The CIT was created using philanthropic capital from Mercy Corps as well as patient equity from an impact investor to create a financial product for community ownership of a retail strip mall for residents in the neighborhood. Residents receive financial and investment training, and invest as little as $10 to $100 per month buying shares and paying back the down payment on the property, which had been provided by Mercy Corps and the impact investors. The resident investors, who are mostly renters, women, people of color, and refugees and immigrants receive dividends annually, and long-term share price appreciation based on the mortgage reduction and change in the property’s value. Their investment is protected from loss through a letter of credit from the bank that provided the mortgage, which also allows investors to exit any time. In 28 months since launch, the CIT has delivered three rounds of dividends averaging 9.3 percent to 140 families to-date, and a share price gain from $10/share to $15.86/share. For low-income investors that don’t get access to traditional investment opportunities, this is significant.


For foundations and impact investors working on closing the racial wealth gap, models like the CIT create not only a wealth-building opportunity for low-income people of color, but also catalyze democratic participation at a meaningful scale by offering access to place-based ownership.

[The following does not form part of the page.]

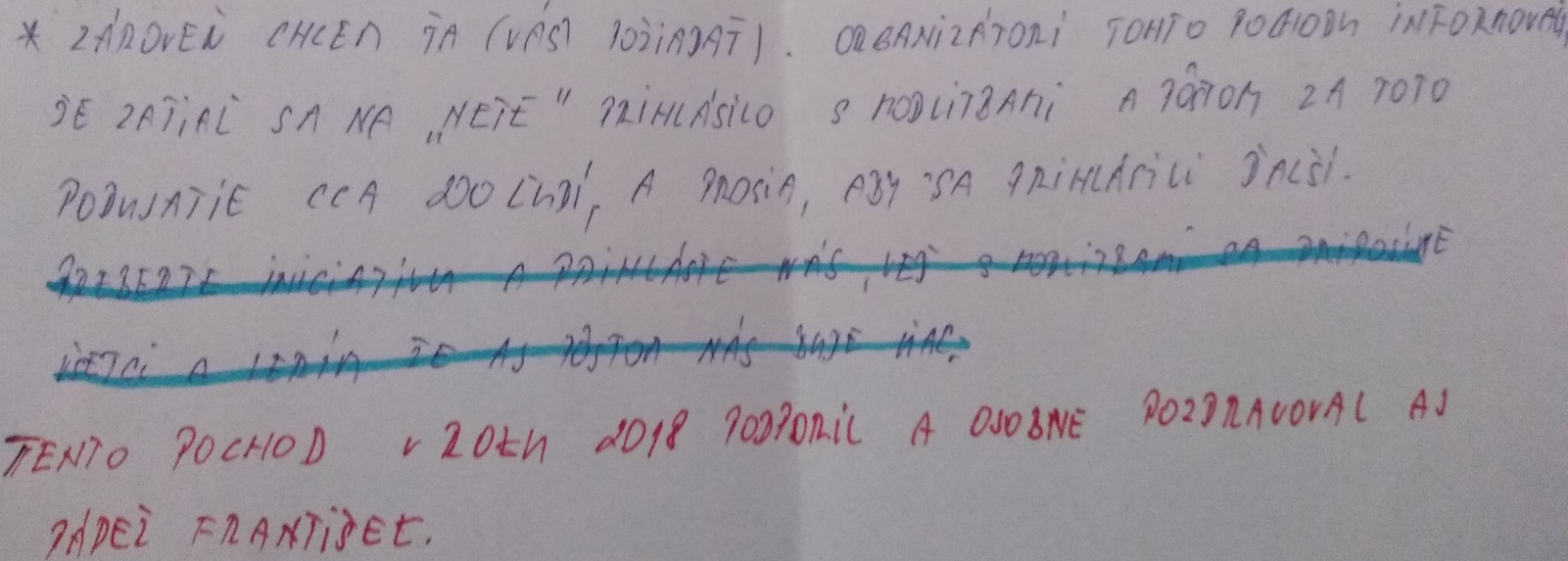 Znenie listu:“ Zároveň chcem ťa (Vás) požiadať o informovanie organizátorov tohto pochodu, že zatiaľ sa za nich a celý pochod prihlásili s modlitbami a pôstom cca 200 ľudí. A prosia, aby sa prihlásili ďalší. Preberte iniciatívu a prihláste nás, veď s modlitbami sa pripájame všetci a verím, že aj pôstom nás bude viac.

More grant funding and patient capital for community development corporations can also provide terms that facilitate passing on property ownership to residents and communities. Early grant equity in a deal can help reduce the cost later for tenants who are also sufficiently organized to acquire their properties from developers — which ties into the third piece.

Foundations should invest in power-building for housing justice and other community organizing groups through unrestricted grants. Equally important is the need to support grassroots community organizers that have already been doing the work to hold developers and municipal bodies accountable by advocating for affordability and community benefits. It is these community organizers that help push the envelope on racial equity, but they are still severely under-resourced. The deployment of philanthropic capital in ways that helps build power for these groups is especially important here. The same organizers who help tenants push for policies more favorable to communities can also help organize tenants to own properties themselves.

As we collectively come to terms with the fact that the full economic impacts of COVID-19 are still evolving, the call-to-action is to lay the foundation for alternative models of development that walk the racial equity talk. The capital necessary to act as a hedge and mitigating force against private equity’s extractive real estate deals can be found in philanthropy and impact investment and the time to double down on these community-owned models is now, before the next land grab occurs.